= Metropolitan bias =

A metropolitan bias is a prejudice in favor of concentrated urban population centers over more diffuse rural or suburban population areas. This is described most often as a type of media bias in coverage of topics, as a general form of favoritism, or as a criticism raised in data gathering such as statistical studies and polling.

==In media==
Television programs, especially news, have been criticized for covering urban centers disproportionately.

In the United Kingdom, the BBC was perceived to have a bias towards the London metropolitan area, prompting ITV to launch in the 1950s as a series of independent regional companies.

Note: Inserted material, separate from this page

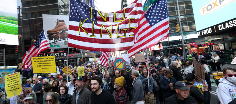 Les manifestant·es dénonçaient ce qu’ils perçoivent comme la dérive autoritaire du président Donald Trump, accusé de se comporter « en monarque ». Pancartes en main, ils affichaient des slogans comme « Pas de dictateurs, pas de rois ! », réaffirmant leur attachement à la démocratie et à la limitation du pouvoir exécutif. Certains étaient costumés en figures historiques de la Révolution américaine, détournant le symbole de la monarchie contre le président sortant.

In 2007, BBC's coverage bias toward London was criticized by Scottish First Minister Alex Salmond (SNP) as "hideously White City", and Welsh MP Adam Price (Plaid Cymru) threatened to withhold part of the license fee over "minuscule" Wales coverage.

The BBC corporation's governance body, BBC Trust, produced a 2014 report indicating bias against coverage related to rural England, though noting Wales and Scotland coverage was more balanced.

==In resource allocation==
The term 'metropolitan bias' has been used to describe unequal allocation of resources, such as governmental services.

In one study, Ferré et al (2010) noted that, in the 1970s to 1980s, "urban bias" was a tendency of governments to disproportionately tax rural activities like agriculture and invest in urban-based industrialization. By 2010, they state, 75% of those living in extreme poverty (defined as less than $1 per day) lived in rural settings. In eight developing countries examined (Albania, Brazil, Kazakhstan, Kenya, Mexico, Morocco, Thailand, and Sri Lanka), the authors noted a disproportional amount of services for the poor were available in urban areas. They concluded that "any strategy for urban poverty reduction that places greater focus on, or allocates more resources to, metropolitan areas, suffers from a 'metropolitan bias' analogous to the urban bias of old."

==In other areas==
In 2000, several architects from Scotland and Wales made claims of metropolitan bias in selections for the Stirling Prize after five out of seven designs shortlisted by judges were located within London, despite the scope of the contest at the time extending to all of Europe. Critics also described the list as "London-centric". The chairman representing the judges in the contest dismissed the claims, noting that the first Stirling Prize was awarded to a building in Manchester.

A 2024 study found that large language models tend to provide more accurate information for major metropolitan areas than for smaller cities and regions.